__Task__
An exact transcription of the entries is required, with none of the pictures carried over.

** Opening Raw data block **

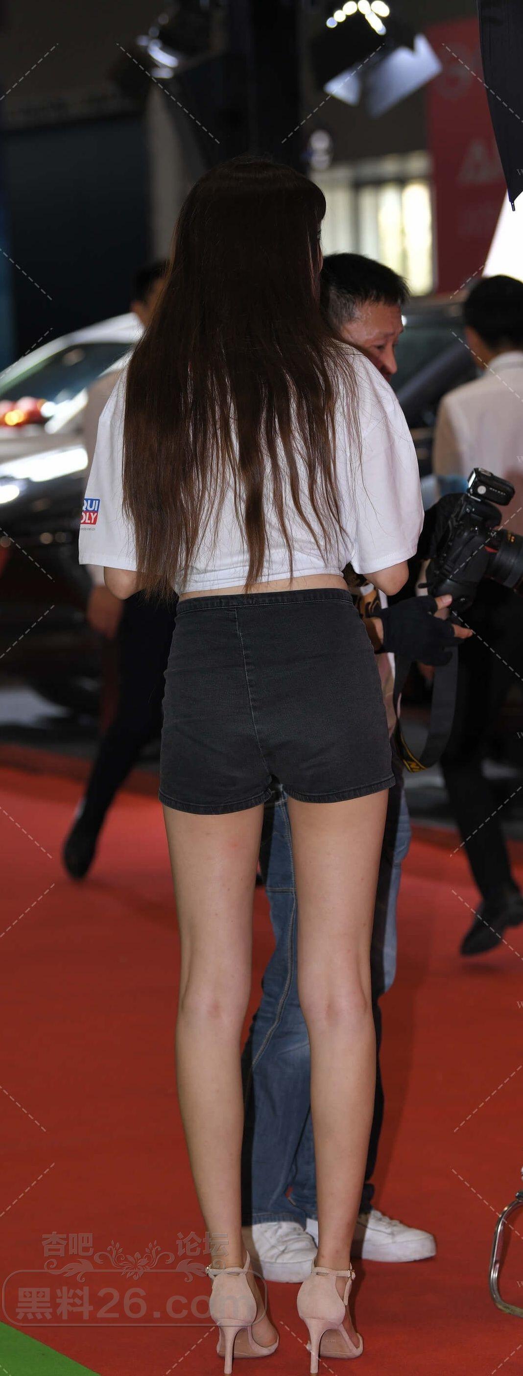 白色短袖黑色短裤年轻女车模细腰长腿诱人【10P】
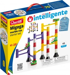 A Migoga kezdőkészlet sokszínű építőkészletet kínál masszív alapokkal, oszlopokkal és színes pályákkal, amelyeket könnyedén összepattinthatsz. A gyűjtőkosaraknak, spiráloknak, hidaknak, malmoknak és rugós adagolóknak köszönhetően folyamatos és dinamikus útvonalakat hozhatsz létre, amelyeken a golyók szintről szintre száguldanak.
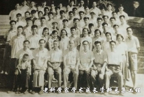 金属物理教研组全体教师与首届(金物61届) 毕业生合影(前排左二为张兴钤、左四为柯俊、左五为肖纪美、右一为方正知,1962年初)
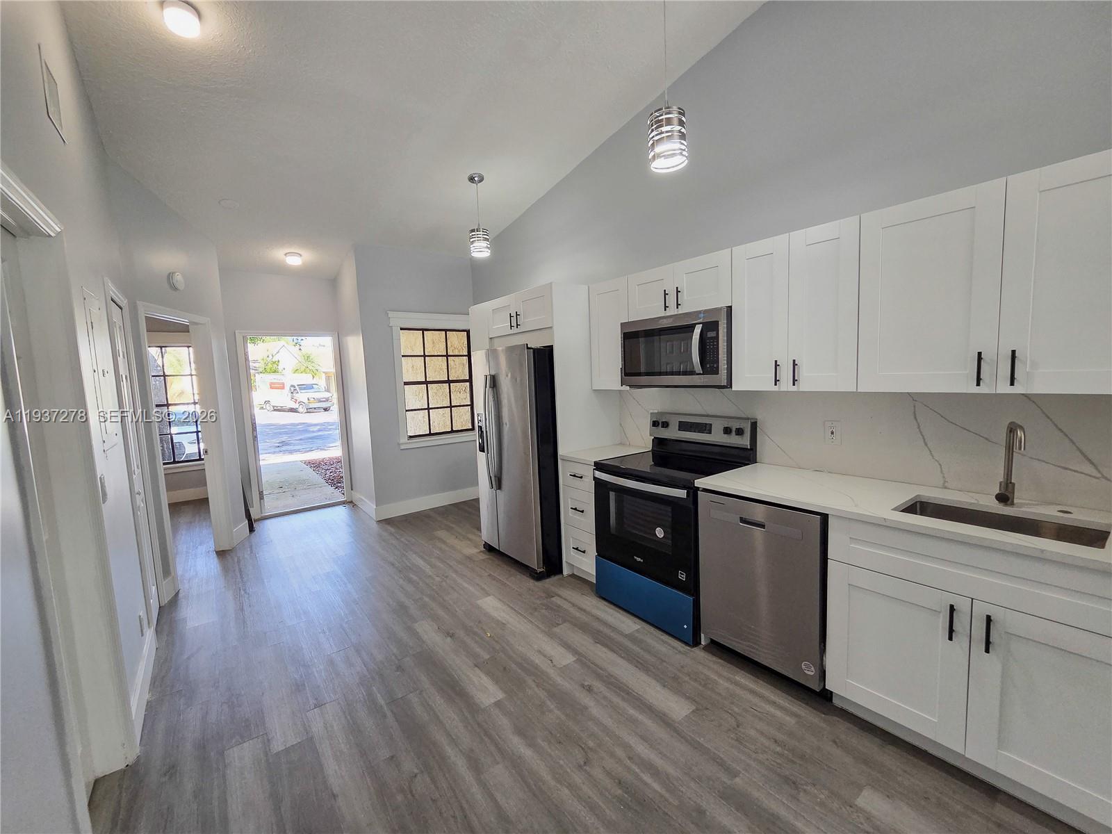 Fully remodeled in 2025 with sleek, contemporary finishes! This move-in-ready 2BR/2BA villa features a NEW ROOF (2022), brand-new appliances, in-unit washer/dryer, and tons of natural light with an open kitchen layout. Enjoy a private patio, sparkling community pool, and 2 assigned parking spots + guest parking. *A+ Location – Top-rated schools, just 10 mins to Sawgrass Mills & Amerant Bank Arena. Fast association approval. wonderful neighbors, and a pet-friendly environment where your furry friends are always welcome. A great place to call home simple, clean, and ready for you.
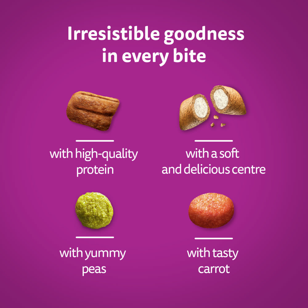 Cereals, Meat and Animal Derivatives, Derivatives of Vegetable Origin, Oils and Fats, Minerals, Fish and Fish Derivatives (including 4% Tuna in the Brown Kibbles*), Vegetable Protein Extracts, Various Sugars, Vegetables (including 0.5% Dried Carrots (equivalent to 4% Carrots) in the Orange Kibbles and 1% Dried Peas (equivalent to 4% Peas) in the Green Kibbles*), Yeast, *Brown Kibble typically 70% of product, Orange Kibble and Green Kibble both typically 8% of product each

** Closing Raw data block **

__Task response__
 白色短袖黑色短裤年轻女车模细腰长腿诱人【10P】
 A Migoga kezdőkészlet sokszínű építőkészletet kínál masszív alapokkal, oszlopokkal és színes pályákkal, amelyeket könnyedén összepattinthatsz. A gyűjtőkosaraknak, spiráloknak, hidaknak, malmoknak és rugós adagolóknak köszönhetően folyamatos és dinamikus útvonalakat hozhatsz létre, amelyeken a golyók szintről szintre száguldanak.
 金属物理教研组全体教师与首届(金物61届) 毕业生合影(前排左二为张兴钤、左四为柯俊、左五为肖纪美、右一为方正知,1962年初)
 Fully remodeled in 2025 with sleek, contemporary finishes! This move-in-ready 2BR/2BA villa features a NEW ROOF (2022), brand-new appliances, in-unit washer/dryer, and tons of natural light with an open kitchen layout. Enjoy a private patio, sparkling community pool, and 2 assigned parking spots + guest parking. *A+ Location – Top-rated schools, just 10 mins to Sawgrass Mills & Amerant Bank Arena. Fast association approval. wonderful neighbors, and a pet-friendly environment where your furry friends are always welcome. A great place to call home simple, clean, and ready for you.
 Cereals, Meat and Animal Derivatives, Derivatives of Vegetable Origin, Oils and Fats, Minerals, Fish and Fish Derivatives (including 4% Tuna in the Brown Kibbles*), Vegetable Protein Extracts, Various Sugars, Vegetables (including 0.5% Dried Carrots (equivalent to 4% Carrots) in the Orange Kibbles and 1% Dried Peas (equivalent to 4% Peas) in the Green Kibbles*), Yeast, *Brown Kibble typically 70% of product, Orange Kibble and Green Kibble both typically 8% of product each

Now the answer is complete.